Несомненно, этот человек слышал о моем побеге из гарема и о том, что я сбежала из дворца, чтобы поговорить с Парани. Без сомнения, он доверяет мне так же, как колеснице с одним колесом, которая должна доставить его на базар.
В тот момент дверь за его спиной со скрипом открывается, и выходит Тарик без краски на теле и золотых украшений. Его взгляд встречается с моим, и я с уверенностью могу сказать, что он не спал. Я могу сказать, сколь много мыслей у него в голове. Под глазами образовались тёмные круги, а волосы слегка растрепаны, словно он тоже метался и крутился без сна. Рашиди, должно быть зашёл прямо передо мной; Тарик не успел вернуть себе самообладание.
— Она может войти, — устало говорит Тарик. — Пропустите ее.
Охранники сразу же расступаются, освобождая мне проход. Тарик закрывает за нами дверь. Его спальня огромная с несколькими зонами отдыха, столом и стульями, с умывальником в углу и огромной кроватью с четырьмя колонами и ступенями, ведущими к ней. Золотые статуи воинов охраняют стены, возле каждого входа на длинный балкон, где белые прозрачные занавески мягко развиваются от ночного ветерка, и в комнату льётся лунный свет. На потолке — роспись, украшенная золотом, кажется, изображающая битву. Теорианцы, конечно же, которые побеждают кого-то врага.
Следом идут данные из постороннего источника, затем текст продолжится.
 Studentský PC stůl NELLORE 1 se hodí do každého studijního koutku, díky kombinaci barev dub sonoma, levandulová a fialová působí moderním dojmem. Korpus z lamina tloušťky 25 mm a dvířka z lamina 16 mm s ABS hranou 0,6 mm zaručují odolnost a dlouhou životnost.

Комната уютная, но величественная и роскошная во всех отношениях.
Я чувствую взгляд Тарика на себе и поворачиваюсь к нему.
— Это была опочивальня моего отца, — говорит он, обводя взглядом комнату. — Рашиди настоял, чтобы я использовал ее, но я предпочитаю свою старую комнату в другой стороне дворца. Здесь слишком много места для размышлений.
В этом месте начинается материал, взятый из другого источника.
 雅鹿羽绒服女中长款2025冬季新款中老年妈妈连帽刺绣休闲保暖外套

— У короля должно быть место для его возвышенных мыслей, — раздаётся голос Рашиди из угла позади нас.
Он сидит в кресле, зажав свой длинный золотой посох в локте. Он кажется еще более уставшим, чем король. Должно быть он приехал поздно вечером.
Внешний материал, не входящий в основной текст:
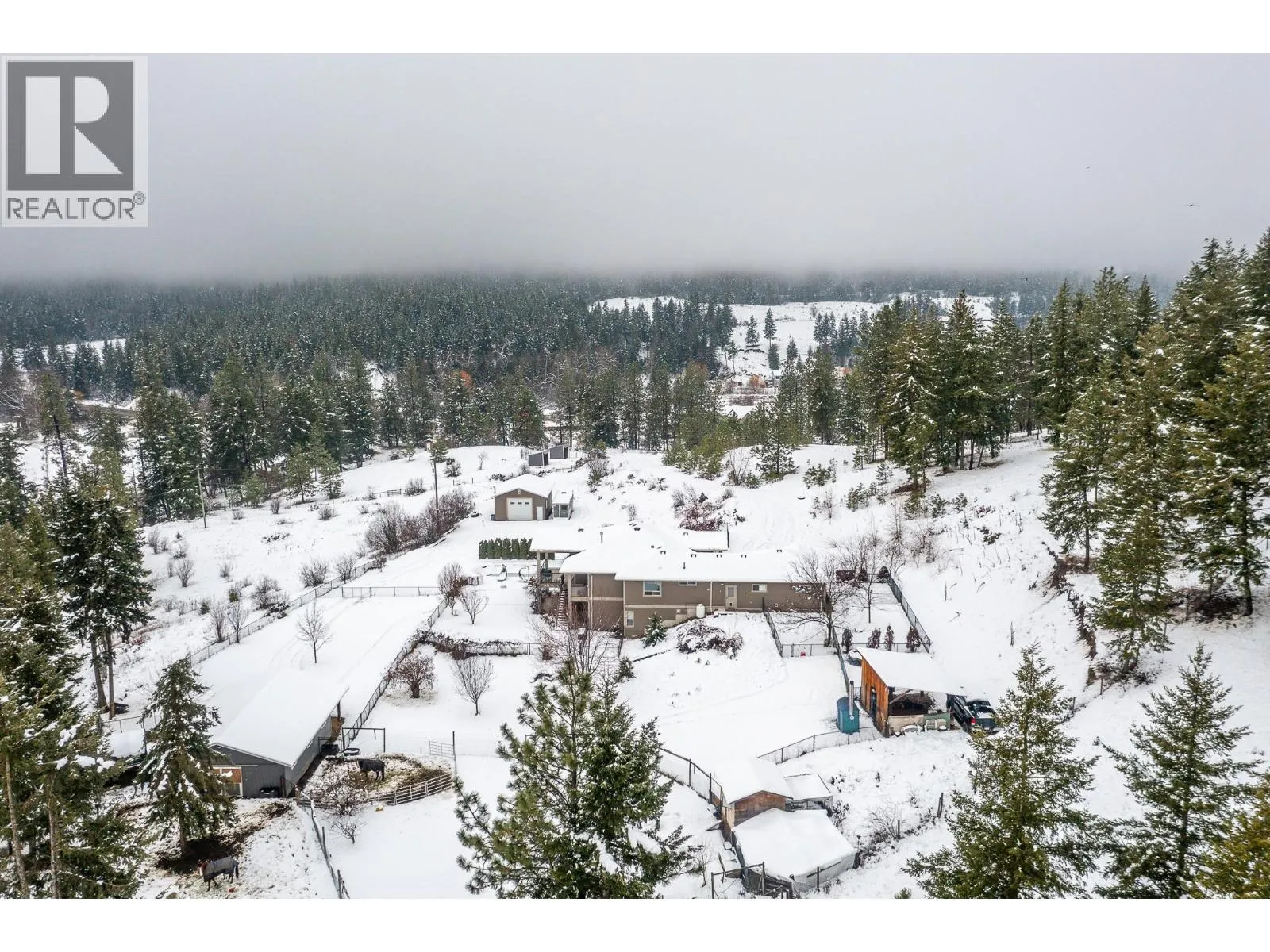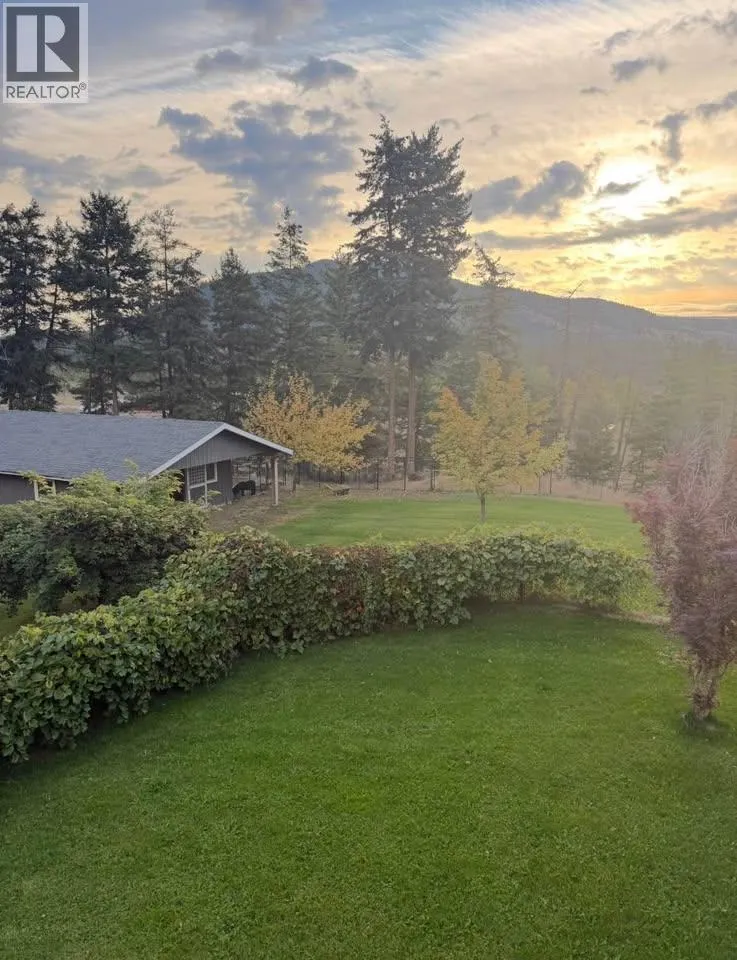 Set on 14.5 acres of rolling hills with sweeping valley views, this exceptional property offers privacy, space, and endless possibilities. Positioned well back from the road and neighboring homes, the setting feels peaceful and secluded while still offering excellent accessibility. The 2008 main home is warm and welcoming, with 4 bedrooms and 4 bathrooms, including a 1 bed / 1 bath suite with separate entrance (currently vacant). The main living areas are ideal for entertaining, highlighted by a propane fireplace and beautiful valley vistas from the home. Surrounding the house, the grounds are beautifully landscaped with mature fruit trees, creating a serene outdoor oasis. The upper portion of the property includes multiple fenced areas and is currently home to a small number of horses. A well-appointed barn comfortably accommodates 3â4 horses, complemented by an additional pasture with lean-to shelters. For hobbyists or storage needs, a 24x32 heated and wired shop is ready to go. At the lower end of the property, well away from the main residence, sits a 784 sq ft, 2011 manufactured home with 2 bedrooms and 1 bathroom, currently rented for $1,575/monthâperfect for added income or multi-generational living. Bordering Highway 97 and crown land, the property also includes two large powered storage buildings/shops, offering excellent visibility and potential for a home-based business or creative ventures. A truly rare opportunity where lifestyle, income, and versatility meet. (id:27476)

Я склоняю голову, приветствуя старого советника.
— Рада вашему безопасному возвращению, Рашиди.
Он склоняет голову на бок.
— Ах, действительно?
Румянец покрывает мои щеки. Что он знает о нас с королем? Или он просто говорит о нашем взаимном отвращении друг к другу.
— Конечно, — отвечаю я. — Сейчас такое время, когда королю нужен его самый надежный советник. И какие возвышенные мысли тяготят вашу душу сегодня вечером, Ваше Величество? — спрашиваю я, поворачиваясь к Тарику.
— Боюсь, их несколько. И держу пари, такие же, что привели тебя в мою спальню, Сепора.
Он кладет мне руку на спину и ведет к зоне отдыха возле балкона, где уже сидит Рашиди. Когда Тарик садится напротив меня, старый советник бросает на меня неодобрительный взгляд. Я хорошо знаю, что барышне не пристало посещать королевскую опочивальню посреди ночи, служанка или нет. Ночные посещения для женщины, не являющейся женой или наложницей, видимо, неприемлемы в любом королевстве. Во всяком случае, в Серубеле, это считается неподобающим. Но мы уже давно оставили позади границы между правильным и неправильным. Тарик прав, что держит дистанцию. Нельзя, чтобы мои чувства к нему повлияли на этот разговор. Или его чувства ко мне.